## Exercise
Pictures must not appear in the copy. Set down exactly the line with "Bauchnabelpiercing Schmuck Kristall" and each line after it through the end of the data below.

*** Supplied records Section Begins ***

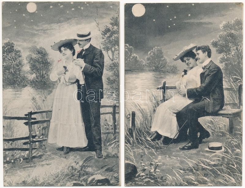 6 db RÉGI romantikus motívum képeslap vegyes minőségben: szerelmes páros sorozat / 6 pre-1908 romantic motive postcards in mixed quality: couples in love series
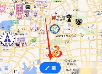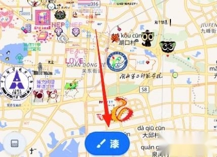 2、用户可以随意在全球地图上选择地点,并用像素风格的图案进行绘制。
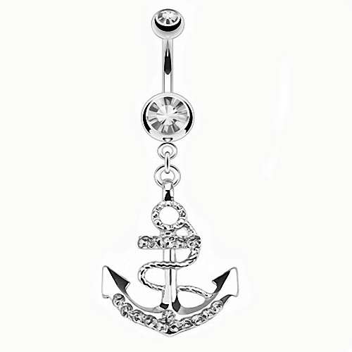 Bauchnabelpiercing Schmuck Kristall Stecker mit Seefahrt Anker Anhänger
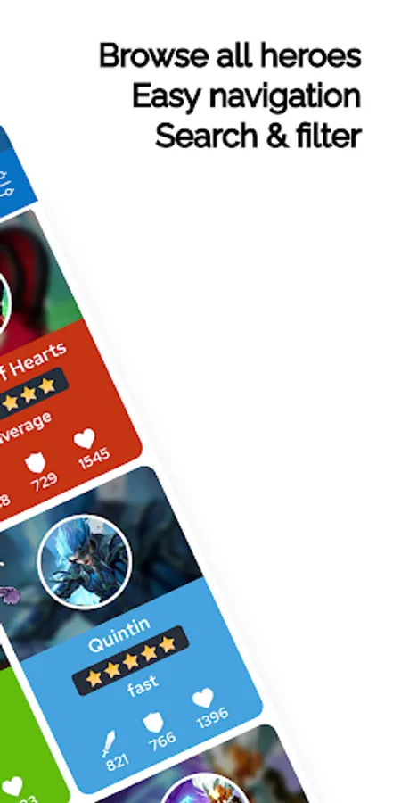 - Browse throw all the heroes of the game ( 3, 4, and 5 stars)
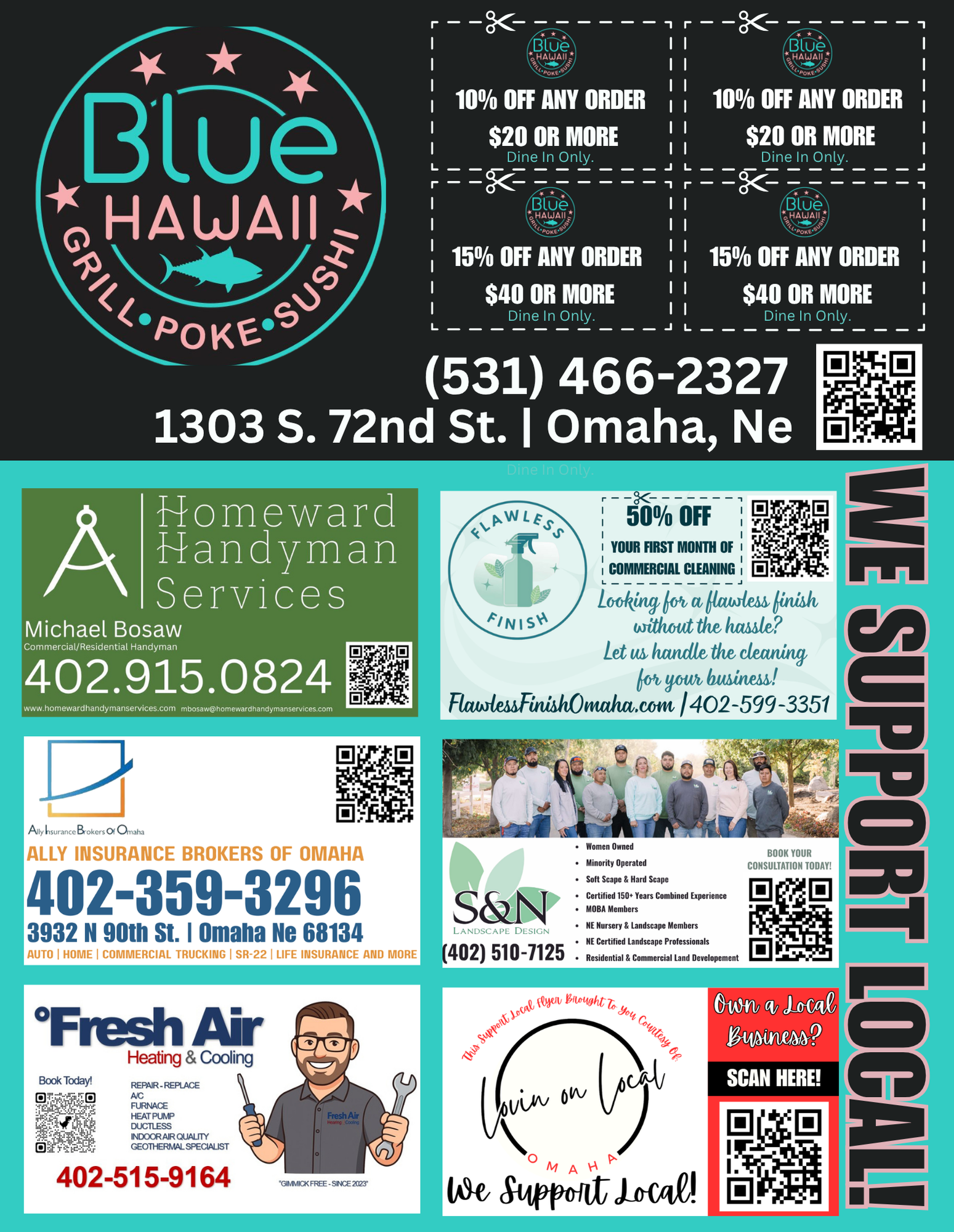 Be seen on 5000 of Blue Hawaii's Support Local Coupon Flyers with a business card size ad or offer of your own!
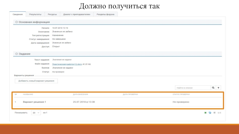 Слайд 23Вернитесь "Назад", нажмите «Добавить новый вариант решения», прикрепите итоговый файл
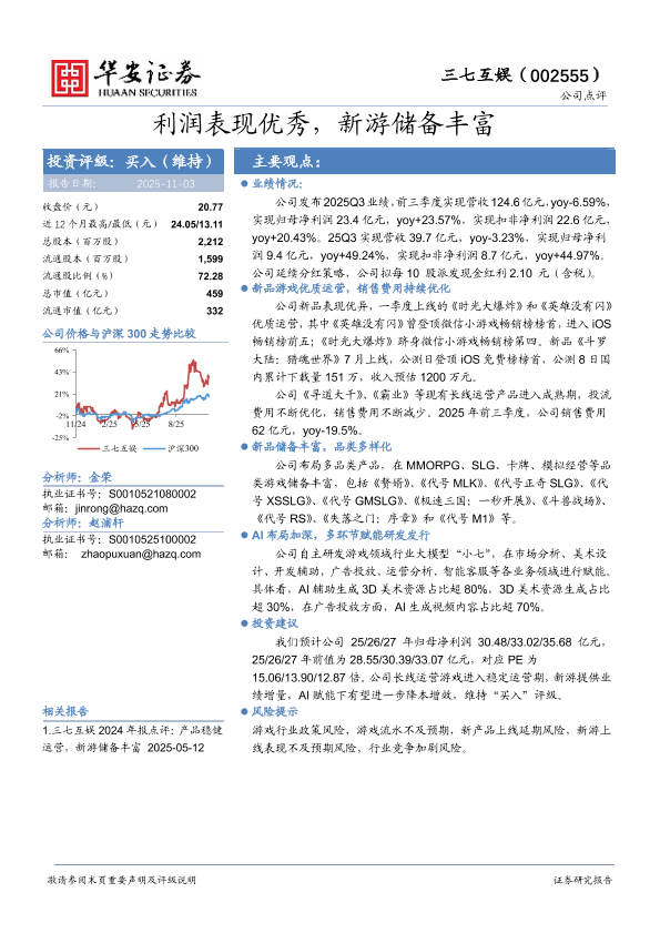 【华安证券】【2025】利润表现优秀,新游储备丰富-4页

*** Supplied records Section Ends ***

## Output of the exercise
 Bauchnabelpiercing Schmuck Kristall Stecker mit Seefahrt Anker Anhänger
 - Browse throw all the heroes of the game ( 3, 4, and 5 stars)
 Be seen on 5000 of Blue Hawaii's Support Local Coupon Flyers with a business card size ad or offer of your own!
 Слайд 23Вернитесь "Назад", нажмите «Добавить новый вариант решения», прикрепите итоговый файл
 【华安证券】【2025】利润表现优秀,新游储备丰富-4页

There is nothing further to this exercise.